I'm wanting to build a display cabinet for my lights - the Mags will definitely move there! I think they'd look good with one on each side, like bookends, lol!

And I love that signature, Echo63! "flashlight collector by day / flashlight user by night"


----------



## Runt (Feb 13, 2015)

Went the Malkoff route with my 3D. New aluminum reflector from KD and new lens. The thing will run for ever and will even eat up C cells with a pvc tube to space. Was thinking about one of those glass breaker tail caps but then I wouldn't be able to tailstand. Plus I figure the thing is heavy enough as is to bash my way through pretty much anything. 

All this may have cost more than buying something new but I still find it to be a very useful light. 

Thinking about some of the p60 hacks that I have seen on here for the 2xaas lying in the drawer. 


Sent from my iPhone using Candlepowerforums


----------



## more_vampires (Feb 13, 2015)

Drclaw said:


> put them in the trash after I compared them to lights 1/2 the size with only one battery





smooth2o said:


> LOL. That's something my wife would do if she knew I hadn't touched the damn light in 6 months....



...and that, my friends, is why you don't let her see you dust them and THEN you ask HER to dust them!


----------



## jjp888 (Feb 16, 2015)

Had a mini mag, battery leaked and got trashed.Have 2-4d's and 1-6D.Now only the 1 out of two 4D is working.Both the other 4D and 6-D act as a spare shop for the working 4d.
Custom moded the 4-D cheaply by acree q5 and dedomed it.Now has a slightly greenish neutral tint, but runtime has improved greatly.Throw have been significantly increased, but spill is not that great .Pretty happy with it.It has taken quite large falls and hitting, but these Maglites never dies.The only silent killer is the battery leak.Now plan to upgrade it with anXml t6,but I think when using d-cells q5-brightness and runtime is fair enough.(but all the rubber switches are worn out now using without it, not a big deal).


----------



## Pete4638 (Feb 19, 2015)

I have two of the 3D models sitting in the garage, in pristine condition, attracting dust.
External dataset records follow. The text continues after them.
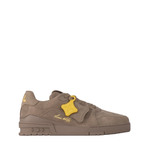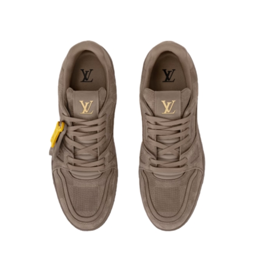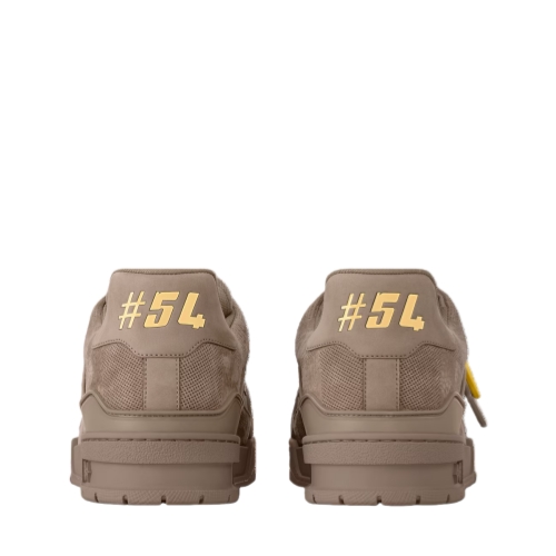 The LV Trainer sneaker is reinterpreted in nubuck calf leather embossed with the Damier pattern. This cult design, which references vintage basketball sneakers, is notable for its many signature details. These include removable Monogram Flower tags on the laces and the #54 signature on the back, referring to 1854, when the House was founded.
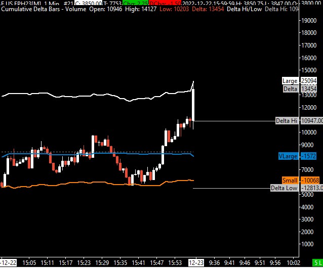 Currenlty i have a chart for cummulative delta bars with a chart filter setting of exclude =>10 then I have a cummulative delata chart with chart filter exclude>=100 exclude<=9, and I have a chart for cummulative delta bars with exclude<=99...I use these inidividual charts to reference small, large, and very large delta that are being traded.... I then hav a chart that i combine all of these chaerts on via study overlay for each as well as an cummulative delat bars (not filtered) on a chart...I use this to see the cummulative delta and what the size players are doing... my question is there a way to streamline this all into one chart? Please see example JPGs attached |
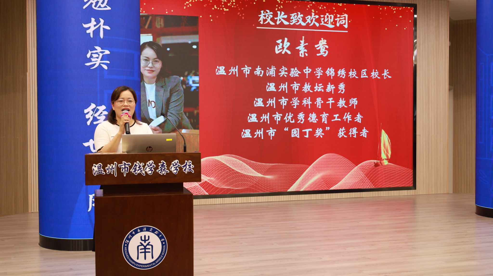 仪式伊始,南浦实验中学锦江校区校长欧素鸯致辞,她对温州大学师生的到来表示热烈欢迎!她强调了化学科学教育对中学生创新思维、实践能力等综合素质发展的重要性,同时希望参加夏令营的同学们能珍惜这次来之不易的学习机会,要善于向优秀的老师们学习,欧校长对实践队成员寄予厚望,希望南浦实验中学与实践队能够长期合作。
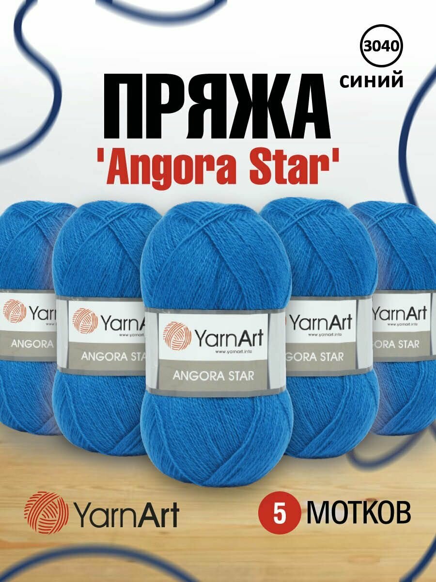 Пряжа для вязания YarnArt 'Angora Star' 100гр 500м (20% тонкая шерсть, 80% акрил) (3040 синий), 5 мотков
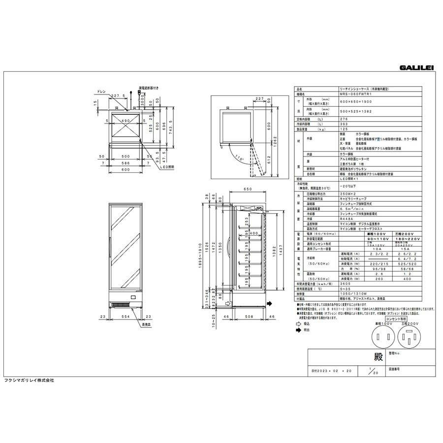 メーカー:フクシマガリレイ(旧福島工業) 型式:MRS-060FWTR

I have heard that some people are converting them to LED's, using new reflectors and even changing the battery configurations. Maybe in time I will do that to these dinosaurs. 

Does anyone have any recommendations on the best way to convert these flashlights to LED's - preferably not using D cells?

Pete


----------



## Norm (Feb 19, 2015)

Pete4638 said:


> Does anyone have any recommendations on the best way to convert these flashlights to LED's - preferably not using D cells?
> 
> Pete



:welcome:
There are many existing threads.


----------



## fresh eddie fresh (Feb 19, 2015)

I threw them all away when the Duracells that they came with leaked and corroded the insides of them. 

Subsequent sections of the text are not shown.